Anders verhält es sich, wenn sich die staatsrechtliche Beschwerde gegen den im bedingten Urteil enthaltenen Beweisbescheid auf Abnahme des Eides oder Handgelübdes richtet. Dieser Bescheid wird unbedingt erlassen. Die darin ausgesprochene Zulassung zum Eid oder zum Handgelübde schliesst wegen der formellen Natur dieser Beweismittel (BGE 85 II 175 /76) für die zugelassene Partei einen beweisrechtlichen Vorteil in sich, dem ein entsprechender Nachteil für die Gegenpartei gegenübersteht. Dieser Nachteil wird durch den behördlichen Bescheid begründet. Das Bundesgericht ist deshalb in ständiger Rechtsprechung davon ausgegangen, dass die Partei, gegen deren Antrag die Abnahme des Eides oder Handgelübdes angeordnet worden ist, schon durch diese Anordnung und nicht erst durch die Abnahme des Beweises rechtlich beschwert wird (nicht veröffentlichte Urteile vom 20. Juli 1927 i.S. Uster, vom 8. Februar 1930 i.S. Bonani, vom 19. Februar 1937 i.S. Meyer, vom 9. Juli 1952 i.S. Soldati und vom 10. Juni 1953 i.S. Bossart).

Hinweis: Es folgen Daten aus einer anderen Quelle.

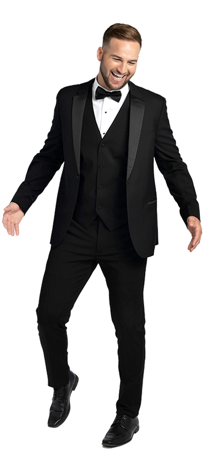 Flow Formal Wear's one button tuxedo is among the most versatile and comfortable black tuxedoes. It's classic design never goes out of style, and you will always feel great in the jacket. The Black One Button Tuxedo comes with matching pants and vest. Choose a traditional bow or modern long tie.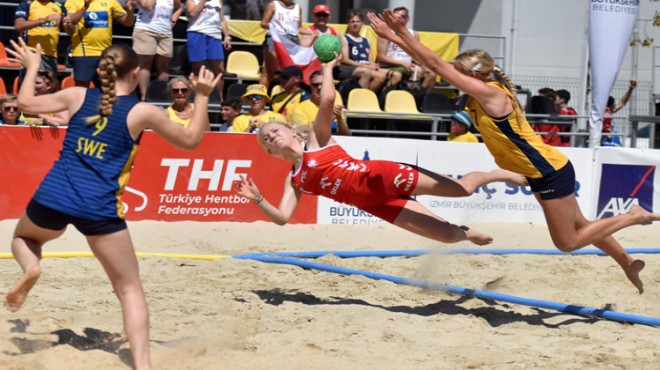 izmir'de düzenlenen EHF Avrupa U17 Plaj Hentbolu Şampiyonası, bugün oynanan ikinci gün maçlarındaki renkli görüntülerle devam etti. Avrupa Hentbol Federasyonu, Türkiye Hentbol Federasyonu ve İzmir Büyükşehir Belediyesi iş birliği ile İnciraltı Spor Tesisleri'nde organize edilen şampiyonada millilerimiz, erkeklerde günün ilk maçında Ukrayna'ya 2-1 yenildi.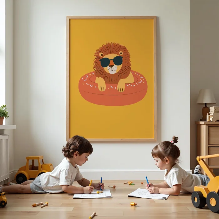 Ürün: Yüzen Aslan - Çocuk Odası Ahşap Duvar Tablosu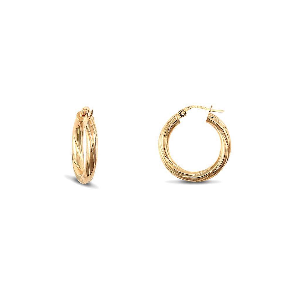Jewelco London Ladies 9ct Yellow Gold Twisted 3mm Hoop Earrings 21mm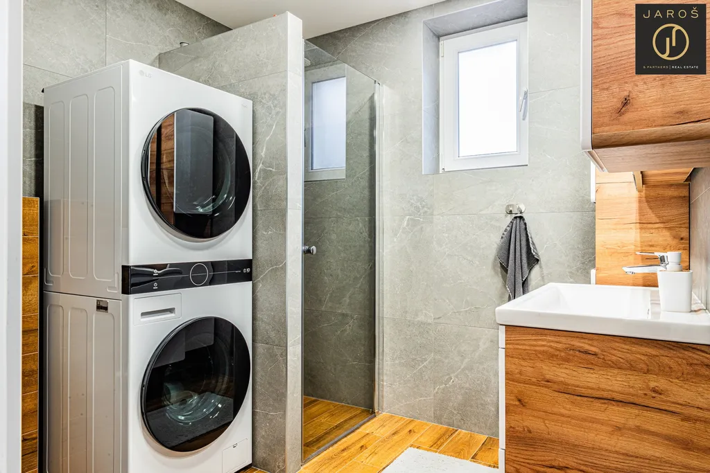 Samotný byt je rovněž po kompletní rekonstrukci – nové rozvody, moderní koupelna, plastová okna. Energetická náročnost budovy je PENB třídy C. Měsíční poplatky činí cca 5.500 Kč (z toho fond oprav 1.000 Kč) + spotřeba elektřiny, a to pro čtyřčlennou domácnost (2+2). Nastěhování je možné ihned, vyjma elektrospotřebičů /lednice, pračka, TV/ a sedací soupravy může v bytě zůstat vybavení.

Ist dem aber so, dann steht der unmittelbaren Anwendung des Art. 89 OG nichts im Wege; die Frist für die Einreichung der staatsrechtlichen Beschwerde gegen den Beweisbescheid läuft somit von der Eröffnung des bedingten Urteils an.

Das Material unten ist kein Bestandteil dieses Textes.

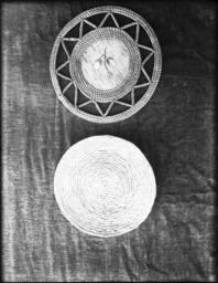 Photograph of a collection of 2 unidentified Indian baskets on display, photographed ca.1900. They are displayed against a dark cloth. One is flat and disk-shaped with a spiral weave. The other is more ornate, having the image of a twig with three leaves in the middle and openings around a zig-zag pattern surrounding the central portion.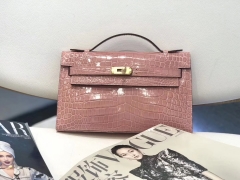 Hermès(爱马仕)MiniKelly迷你凯莉 藕粉色 尼罗鳄 美洲鳄 全手工缝制 1代 金扣 22cm

In seinen weiteren Ausführungen beklagt sich der Beschwerdeführer über eine Verletzung der Art. 314 Abs. 2 und Art. 315 ZGB. Es wendet sich hierbei gegen das Sachurteil. Die Frist für die Anfechtung dieses Teils des bedingten Urteils ist von der Abnahme des Handgelübdes am 12. Juni 1959 an zu berechnen. Die Beschwerde erweist sich darum in diesem Punkte als rechtzeitig. Es ist jedoch aus andern Gründen nicht darauf einzutreten. Sollten die Art. 314 Abs. 2 und Art. 315 ZGB missachtet worden sein, so war das als Verletzung von Bundesrecht mit der Berufung an das Bundesgericht geltend zu machen (Art. 43 OG). Die staatsrechtliche Beschwerde, die subsidiärer Natur ist, steht dafür nicht offen (Art. 84 Abs. 2 OG). Wohl könnte der Beschwerdeführer mit diese m Rechtsmittelbeanstanden, das Appellationsgericht habe mit Bezug auf die Einwendungen des Mehrverkehrs und des unzüchtigen Lebesswandels kantonale Verfahrungsvorschriften in einer gegen Art. 4 BV verstossenden Weise verletzt; er hat das indes nicht behauptet. Der blosse Hinweis auf die "Scheidungsakten" ist unzulässig und vermag die in der Beschwerdeschrift fehlende Begründung nicht zu ersetzen (BGE 81 I 56 Erw. 1, BGE 83 I 272 Erw. 2).
Demnach erkennt das Bundesgericht:
Auf die Beschwerde wird nicht eingetreten.